0

I have a multiple linear regression model and found that my error terms are not normally distributed. When looking at the histogram of the dependent variable, it looks like below.

I am not sure how to proceed - what kind of transformation would reasonably be appropriate? I tried it with log-level model (take the log of the dependent variable) and found that all assumptions are fulfilled except for heteroskedasticity - for which I could create robust standard errors in the final model. However, I do not understand why taking the log would make any sense when looking at the distribution of data - as it is not skewed.

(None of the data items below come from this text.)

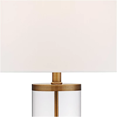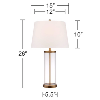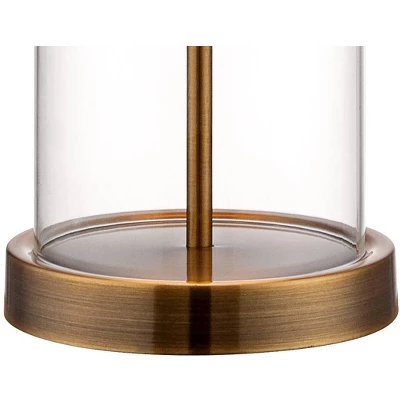The simple design of this clear glass cylinder table lamp set is accented with top and bottom metal trim in shimmering, warm gold finish. The lamp bases open allowing you to fill the glass base with any decorative object of your choosing, such as crystal marbles, shells, or even colored sand.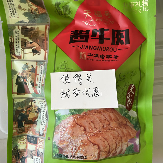 包装:塑料➕真空包装内容:酱牛肉这款酱牛肉是老字号的,过节的时候经常会吃到。而且口味多年来一直没变,拆袋直接吃口感有嚼劲,越吃越香。加热吃会比冷吃咸一些,但牛肉...
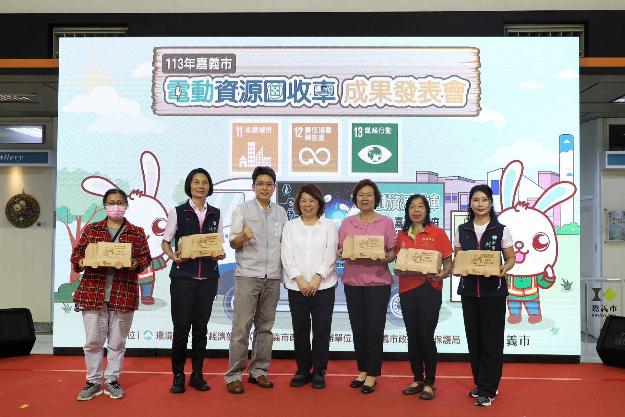 環保局指出,電動資源回收車經試行結果相較燃油車可減少75%碳排放量。以嘉義市40條收運路線為例,每年約可減少碳排放180,960公斤,相當於395.6棵20年生台灣相思樹或62619平方公尺的林地面積之固碳量。另電動資源回收車相較於燃油車,每公里燃料費可節省73.87%,換算全市收運路線每年約可減少46萬元燃料支出。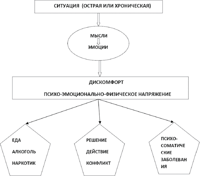 Возникает или существует хроническая травмирующая ситуация. По этому поводу возникают мысли, появляются эмоции, возникает дискомфортное состояние и затем психо-эмоционально-физическое напряжение. Затем человек предпринимает какое-то решение для себя, ещё оно может выражаться конкретным действием, а иногда и приходится конфликтовать с внешним миром.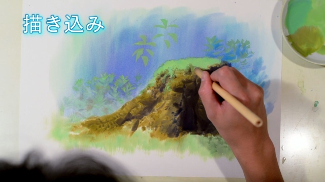 アニメーション背景美術を支え続けているニッカーポスターカラーを用いての手描き背景画の制作過程をご覧いただけます。
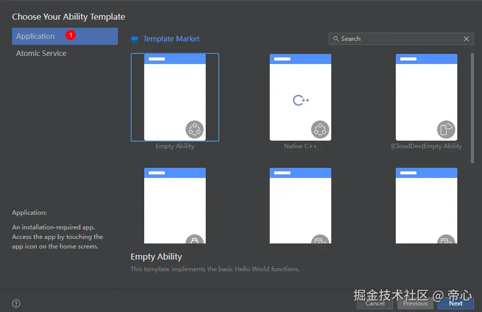 - 创建工程时,选择Application,可以在创建工程后右键新建卡片。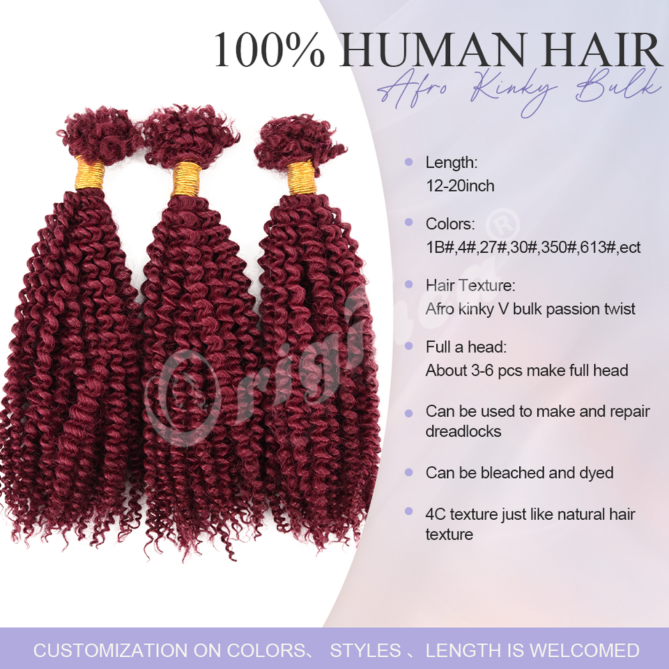 Originea Nouveauté Cheveux humains Remy Afro Kinky Ondulés Passion Bulk pour tresses au crochet et coiffures Spring Twist 50 grammes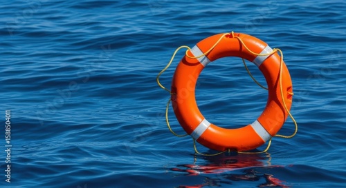 Bright Orange Lifebuoy Floating in Calm Blue Ocean Water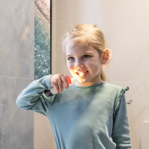 • čistící hlava s měkkými štětinkami je vyrobena z DuPont materiálu, který je pevný a odolný proti opotřebení, má zaoblené konce, chrání dásně dítěte a účinně čistí zuby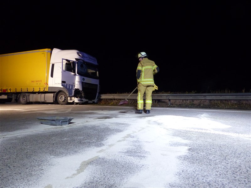 Im Baustellenbereich ereignete sich ein Verkehrsunfall. Wir wurden zum Abstreuen der ausgetretenen Betriebsstoffe alarmiert und sicherten die Unfallstelle gegen den fließenden Vekehr ab. Weiterhin wurden die Bergungsmaßnahmen unterstützt.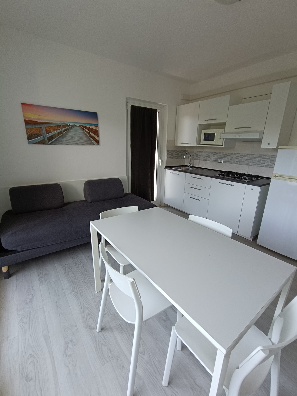 5-lôžkový apartmán : tvorí obývacia izba s moderným kuchynským kútom, jedálenským kútom a jedným lôžkom + jedna spálňa s manželskou posteľou + druhá spálňa s dvomi samostatnými lôžkami + nová kúpelňa so sprchovým boxom/bidetom/WC + druhá kúpelňa so sprch.boxom/bidetom/WC a + terasa zariadená záhradným nábytkom s bočným výhľadom na more.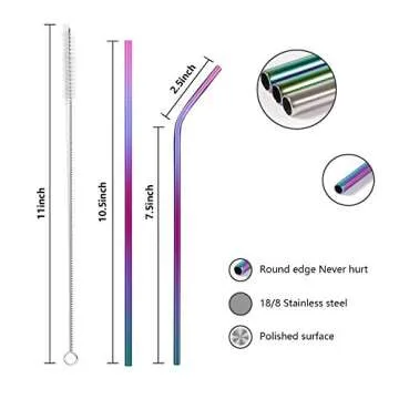 4PCS Reusable Metal Straws,8.5" Stainless Steel Straws with Case -Cleaning Brush for 20/30 Oz for Tumblers (Rainbow)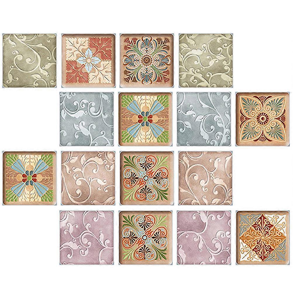 Tile Stickers Simulated Tile Stickers Waterproof Wall Decal Home Decoration Assorted Color 15cm x 15cm 16Pcs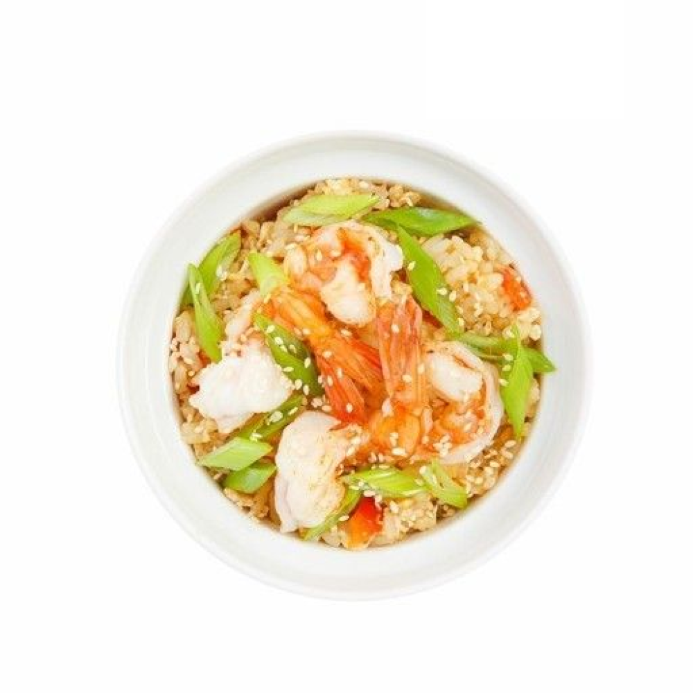 Рис, масло кунжутное, лук зеленый, перец болгарский, яйцо куриное, креветка, соевый соус, кунжут.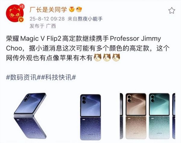 影像方面同样值得期待。知名爆料源“数码闲聊站”曾表示荣耀新款小折叠外观和影像确定有大升级,数码科技KOL@旺仔百事通在转发荣耀Magic V Flip2设计稿时,同样表示这一代的小折叠影像和续航有大升级,值得期待。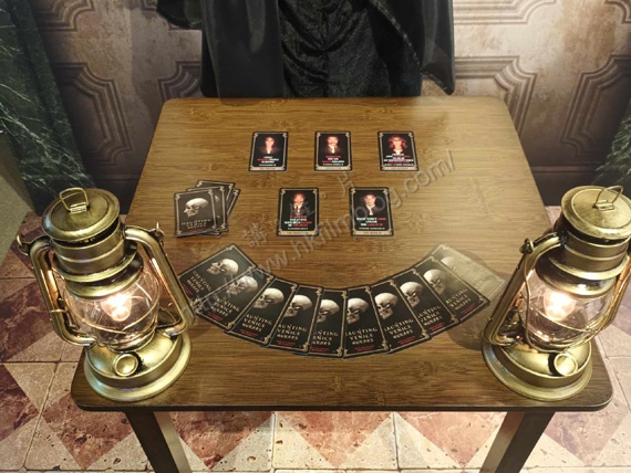而在檯面上,則看到以電影《威尼斯謀殺案》為主題的搭羅牌,而不同的牌則出現片中的不同主角及其身份。不過大家不要以為可以窺看其他塔羅牌會有甚麼,因為各張牌已被膠水緊貼在檯上,不能移走。不過觀乎整個電影宣傳品的規模,可以看到迪士尼發行真的此這部電影甚有信心,在宣傳上亦十分落本。

Other transformations that I tried (square or log independent variables that are skewed) did not solve the problem of non-normal distributed error terms.

How would you proceed and with what reasoning? Thanks!

Graph that shows two overlapping processes EDIT:

Also adding the graph of the error terms. Result of Shapiro-Wilk test for residuals was W = 0.99051, p-value = 0.07358.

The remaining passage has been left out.